**Given material**.
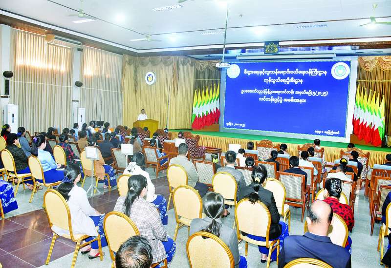 ဥပဒေအသိပညာပြန့်ပွားရေးသင်တန်း အမှတ်စဉ် (၅/၂၀၂၅) ဖွင့်ပွဲအခမ်းအနားကို ယနေ့နံနက် ၉ နာရီခွဲက နေပြည်တော်ရှိ စီးပွားရေးနှင့်ကူးသန်းရောင်းဝယ်ရေးဝန်ကြီးဌာန အစည်းအဝေးခန်းမ (၂) ၌ ကျင်းပရာ စီးပွားရေးနှင့်ကူးသန်းရောင်းဝယ်ရေးဝန်ကြီးဌာန ပြည်ထောင်စုဝန်ကြီး ဦးထွန်းအုံ၊ ဌာနဆိုင်ရာအကြီးအကဲများ၊ တာဝန်ရှိသူများ၊ သင်တန်းနည်းပြများနှင့် သင်တန်းသား သင်တန်းသူများ တက်ရောက်ကြသည်။
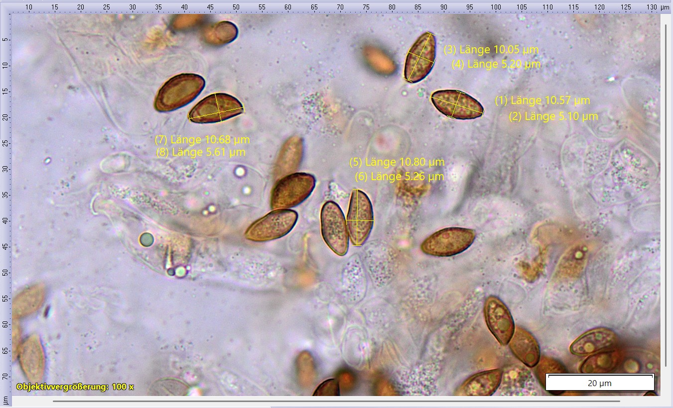 Übrigens die Sporenform hier ist mehrheitlich amygdaloid, mandelförmig
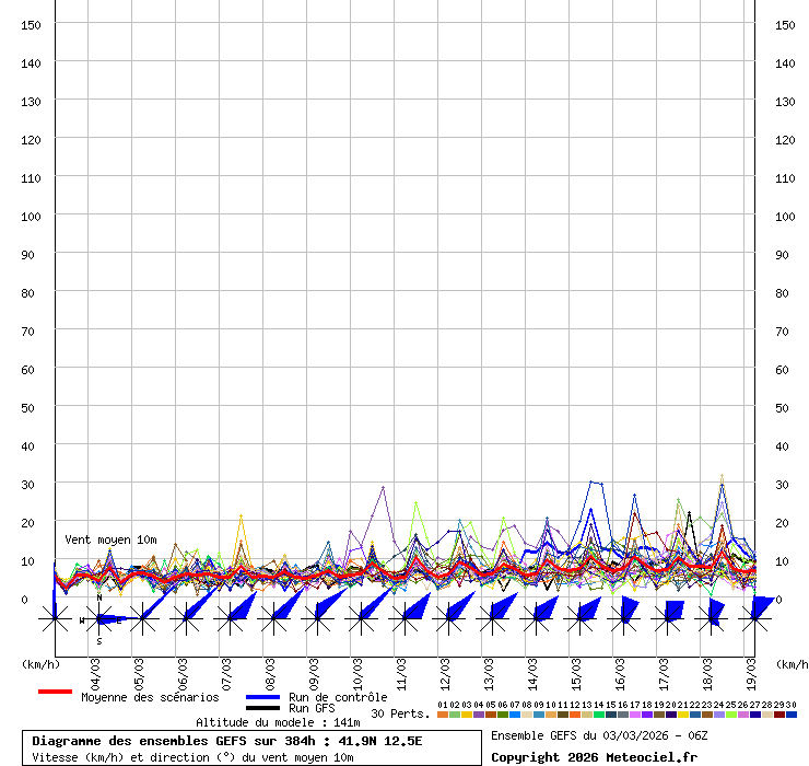 In queste mappe gli "spaghetti" generati dalla tecnica Ensemble per tutti i modelli matematici di cui si dispongono i dati, su località di vostra scelta. La tecnica Ensemble consiste nell'effettuare più corse (più quella di controllo) modificando di poco e opportunamente le condizioni iniziali inserite nei modelli stessi per verificare variazioni e affidabilità nell'evoluzione prevista. Laddove le soluzioni tendono ad "addensarsi" la prognosi sarà più probabile.

**What to produce**. Once more, give the listing above exactly, leaving each picture out.

**Result for this task**.
 ဥပဒေအသိပညာပြန့်ပွားရေးသင်တန်း အမှတ်စဉ် (၅/၂၀၂၅) ဖွင့်ပွဲအခမ်းအနားကို ယနေ့နံနက် ၉ နာရီခွဲက နေပြည်တော်ရှိ စီးပွားရေးနှင့်ကူးသန်းရောင်းဝယ်ရေးဝန်ကြီးဌာန အစည်းအဝေးခန်းမ (၂) ၌ ကျင်းပရာ စီးပွားရေးနှင့်ကူးသန်းရောင်းဝယ်ရေးဝန်ကြီးဌာန ပြည်ထောင်စုဝန်ကြီး ဦးထွန်းအုံ၊ ဌာနဆိုင်ရာအကြီးအကဲများ၊ တာဝန်ရှိသူများ၊ သင်တန်းနည်းပြများနှင့် သင်တန်းသား သင်တန်းသူများ တက်ရောက်ကြသည်။
 Übrigens die Sporenform hier ist mehrheitlich amygdaloid, mandelförmig
 In queste mappe gli "spaghetti" generati dalla tecnica Ensemble per tutti i modelli matematici di cui si dispongono i dati, su località di vostra scelta. La tecnica Ensemble consiste nell'effettuare più corse (più quella di controllo) modificando di poco e opportunamente le condizioni iniziali inserite nei modelli stessi per verificare variazioni e affidabilità nell'evoluzione prevista. Laddove le soluzioni tendono ad "addensarsi" la prognosi sarà più probabile.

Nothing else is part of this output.